*Aim of the exercise*
The answer should be a faithful retyping of the records that follow, pictures excluded.

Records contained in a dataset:
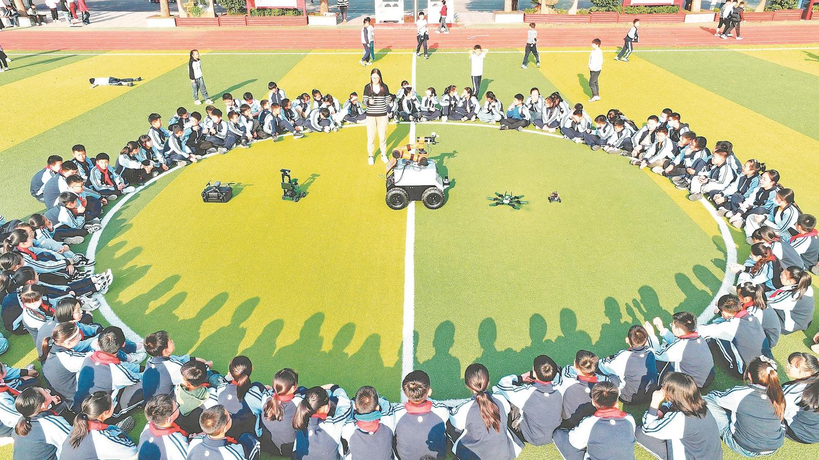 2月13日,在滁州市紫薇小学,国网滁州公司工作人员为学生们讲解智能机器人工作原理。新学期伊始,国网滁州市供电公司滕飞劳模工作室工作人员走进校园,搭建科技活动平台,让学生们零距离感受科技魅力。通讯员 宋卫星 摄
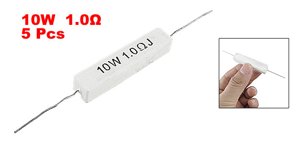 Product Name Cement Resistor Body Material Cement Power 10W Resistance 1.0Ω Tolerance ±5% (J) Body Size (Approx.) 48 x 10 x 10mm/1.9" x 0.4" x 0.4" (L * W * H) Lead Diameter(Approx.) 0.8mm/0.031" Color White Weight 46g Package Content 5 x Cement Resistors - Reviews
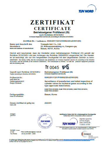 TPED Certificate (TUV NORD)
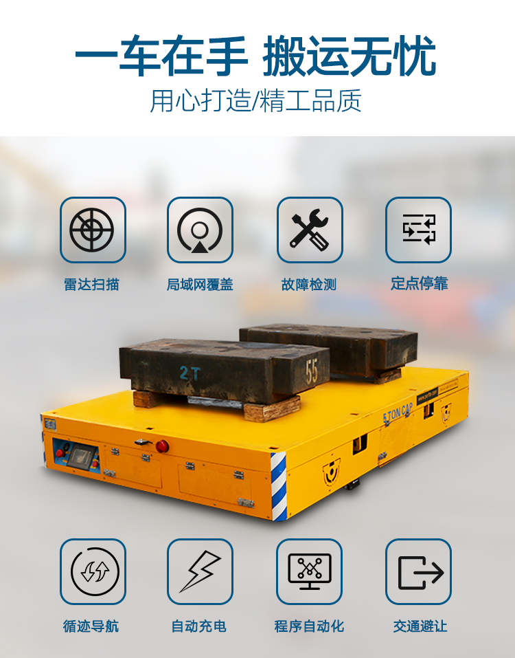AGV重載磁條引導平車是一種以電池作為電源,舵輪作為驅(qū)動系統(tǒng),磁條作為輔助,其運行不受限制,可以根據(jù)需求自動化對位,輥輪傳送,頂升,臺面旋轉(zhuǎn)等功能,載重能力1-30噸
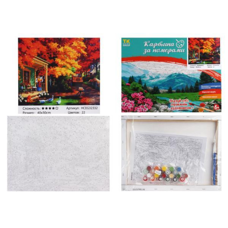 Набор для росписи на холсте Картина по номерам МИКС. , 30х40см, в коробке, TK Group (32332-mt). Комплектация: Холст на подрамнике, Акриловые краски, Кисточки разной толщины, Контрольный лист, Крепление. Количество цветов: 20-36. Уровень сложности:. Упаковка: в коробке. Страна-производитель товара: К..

*Output for this task*
 2月13日,在滁州市紫薇小学,国网滁州公司工作人员为学生们讲解智能机器人工作原理。新学期伊始,国网滁州市供电公司滕飞劳模工作室工作人员走进校园,搭建科技活动平台,让学生们零距离感受科技魅力。通讯员 宋卫星 摄
 Product Name Cement Resistor Body Material Cement Power 10W Resistance 1.0Ω Tolerance ±5% (J) Body Size (Approx.) 48 x 10 x 10mm/1.9" x 0.4" x 0.4" (L * W * H) Lead Diameter(Approx.) 0.8mm/0.031" Color White Weight 46g Package Content 5 x Cement Resistors - Reviews
 TPED Certificate (TUV NORD)
AGV重載磁條引導平車是一種以電池作為電源,舵輪作為驅(qū)動系統(tǒng),磁條作為輔助,其運行不受限制,可以根據(jù)需求自動化對位,輥輪傳送,頂升,臺面旋轉(zhuǎn)等功能,載重能力1-30噸
 Набор для росписи на холсте Картина по номерам МИКС. , 30х40см, в коробке, TK Group (32332-mt). Комплектация: Холст на подрамнике, Акриловые краски, Кисточки разной толщины, Контрольный лист, Крепление. Количество цветов: 20-36. Уровень сложности:. Упаковка: в коробке. Страна-производитель товара: К..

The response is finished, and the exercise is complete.